We wanted to understand what makes this domicile so attractive for private debt, so we spoke to one of our Luxembourg experts, David Kubilus, chief commercial officer of U.S. Bank Global Fund Services – Europe. He explains why the market is flourishing and what you should keep in mind if you’re interested in entering it.
Q: Private debt is one of the fastest growing asset classes in Luxembourg right now. What’s driving this growth?
The low interest environment that prevailed for the past ten years forced investors to seek higher yielding investments. Private debt offered positive returns while a lot of bonds and money markets show zero or negative yields.
Now, as interest rates are ticking upward, there’s still a lot of appeal for private debt, as they haven’t lost value the way other bonds have due to their comparatively low durations. This AIMA article explains it well:
“Credit risk plays a larger role in determining the value of private debt than it does in many traditional bonds. Plus, private debt is extended for shorter terms. This means that many private debt instruments have comparatively low durations – a measure of how sensitive their prices are to changes in interest rates.

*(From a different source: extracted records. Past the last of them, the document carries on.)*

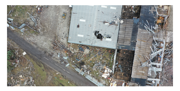
Fig. 4 Taylorville, IL Tornado
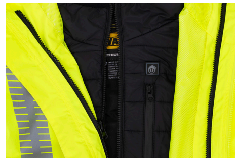
Zip in DEWALT heated puffer vest to add extra warmth
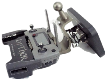
Mounting bracket for 4Hawks antenna
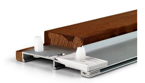
Figure 1. Finished threshold component for the frameset

Since only one of the threshold options is manufactured by JELD-WEN factory, more detailed manufacturing process of the thresholds has been left out of the graph. The manufacturing of the JELD-WEN threshold includes similar steps as the frame set manufacturing, as it undergoes the sizing, milling, surface treatment and assembling before used as a component to the frame set.
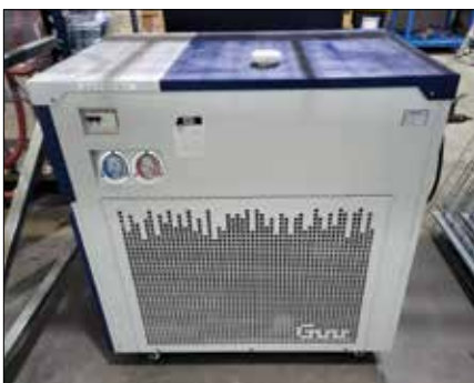
AI C30 40 50L Recirculating Chiller
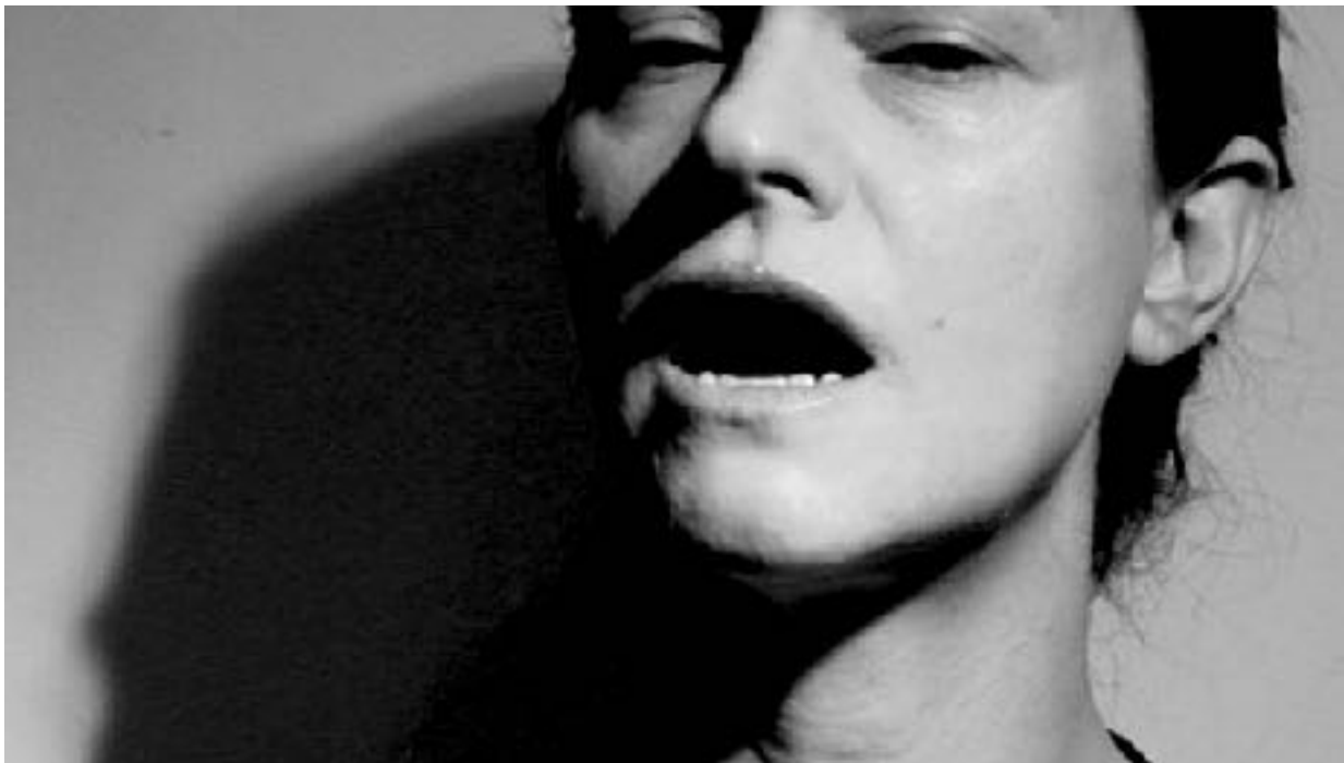
UNKNOWN , short film, New Museum (2017)

By looking at bonds and private debt in terms of duration, we can see exactly why private debt might suffer less in a rising interest rate environment.”
In Luxembourg, the government and regulators have given asset managers a very flexible framework of vehicles and fund types that can address the requirements of different types of investors and the different geographies for private debt investments. There is also a mature ecosystem in Luxembourg to support these funds and their distribution from a legal, audit and management company perspective.
Q: What challenges does private debt present for asset managers?
Private debt is still a fairly new asset class for investment funds, and very few administrators in Luxembourg know how to handle its nuances. Maintaining the critical data elements required for accounting and servicing private debt instruments is a complex process.
Private debt is a sub-class of private capital but could include CLOs, CDOs, infrastructure debt and private loans. Each one of these structures has its own unique requirements. Many managers also want integrated loan servicing solutions – and they quickly realize there’s only a very small number of firms in Luxembourg capable of providing that.